3. The data transmission device according to claim 2, wherein

the extraction unit receives the transfer instruction two or more times, and

the detection unit, in a case of a size of the detected update range being less than a preset size, excludes the update range from the monitoring range thereafter.

4. The data transmission device according to claim 2, wherein

the extraction unit receives the transfer instruction two or more times, and

the detection unit further measures a frequency of updates in the range for which the writing is detected and, in a case of detecting that the frequency surpasses a preset frequency, excludes the range from the monitoring range thereafter.

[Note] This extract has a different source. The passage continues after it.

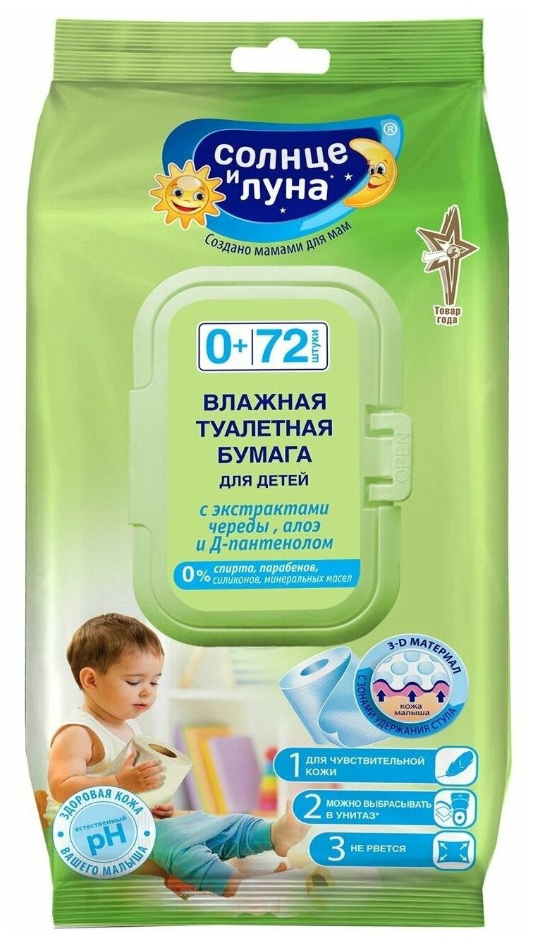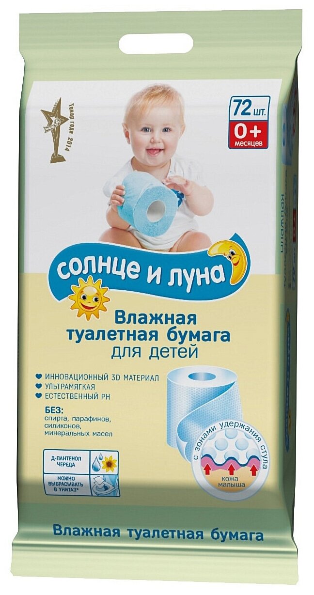 10 цен на Влажная туалетная бумага для детей Солнце и Луна, с экстрактами череды, алоэ и Д-пантенолом, 72 шт.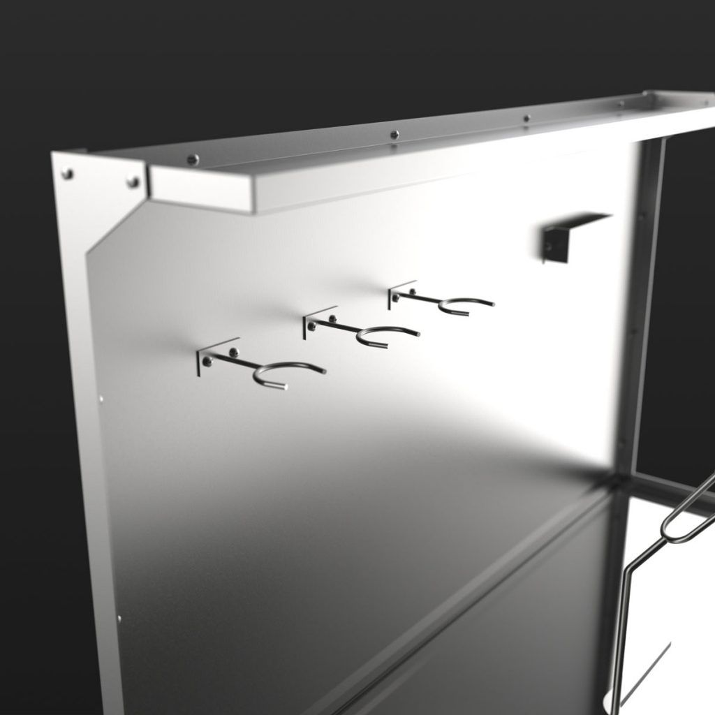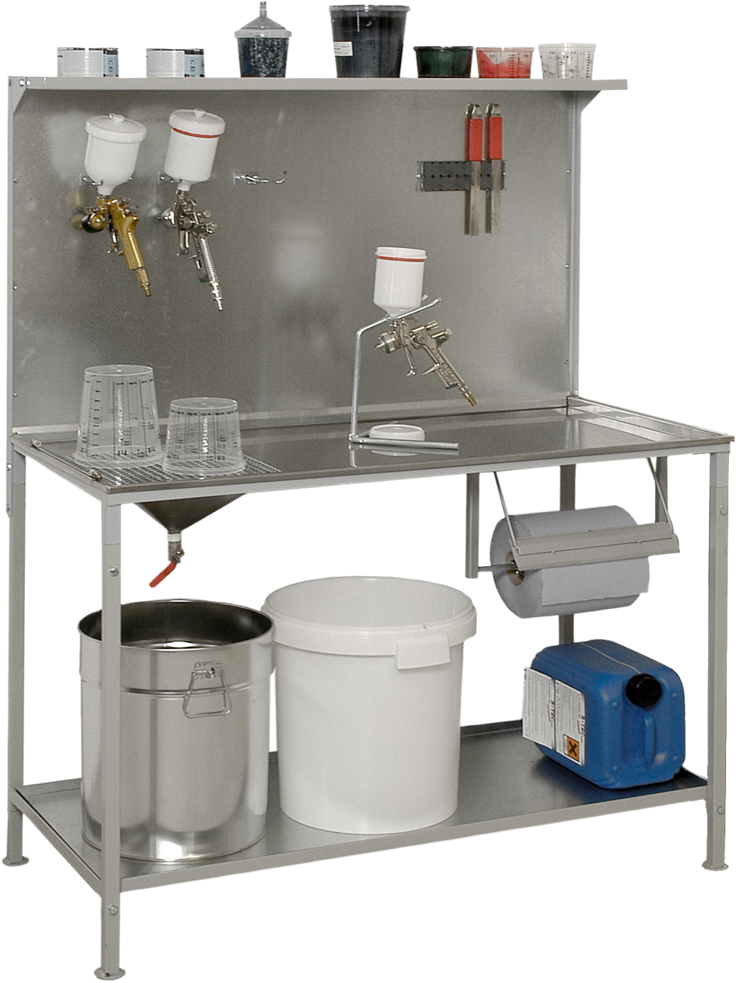 With the help of the drainage area, paint residues can be collected quickly and easily. With four gun holders and a powerful magnetic strip, every tool finds its place.

5. The data transmission device according to claim 1 further comprising:

an update range storage unit that stores the update range, wherein

the detection unit stores the identified update range in the update range storage unit.

6. An information processing system including the data transmission device according to claim 1 comprising:

the transfer-destination node.

7. A data transmission method, comprising:

detecting writing to a memory to which writing is carried out by a processor and identifying an update range which is a range for which writing is detected in the memory;

in response to receiving, from the processor, a transfer instruction which specifies a transfer range in the memory, extracting, as a transfer execution range, a range included in the update range within the received transfer range; and

carrying out data transfer to transfer data stored in the transfer execution range in the memory to a transfer-destination node.

8. A non-transitory computer readable recording medium storing a data transmission program making a computer, which includes a memory and a processor to carry out writing to the memory, operate as:

a detection unit that detects writing to the memory and identifies an update range which is a range for which writing is detected in the memory;

9. The non-transitory computer readable recording medium according to claim 8, storing the data transmission program making the computer operate as:

the detection unit that receives, from the processor, a monitoring range which is a range for which writing is detected in the memory, and detects writing to the memory within the monitoring detection range; and

the extraction unit that, in addition to the transfer execution range, extracts, as the transfer execution range, a range which is not included in the monitoring range, within the transfer range.

10. The non-transitory computer readable recording medium according to claim 9, storing the data transmission program making the computer operate as:

the extraction unit that receives the transfer instruction multiple times; and

the detection unit that, in case of a size of the detected update range being less than a preset size, excludes the update range from the monitoring range thereafter.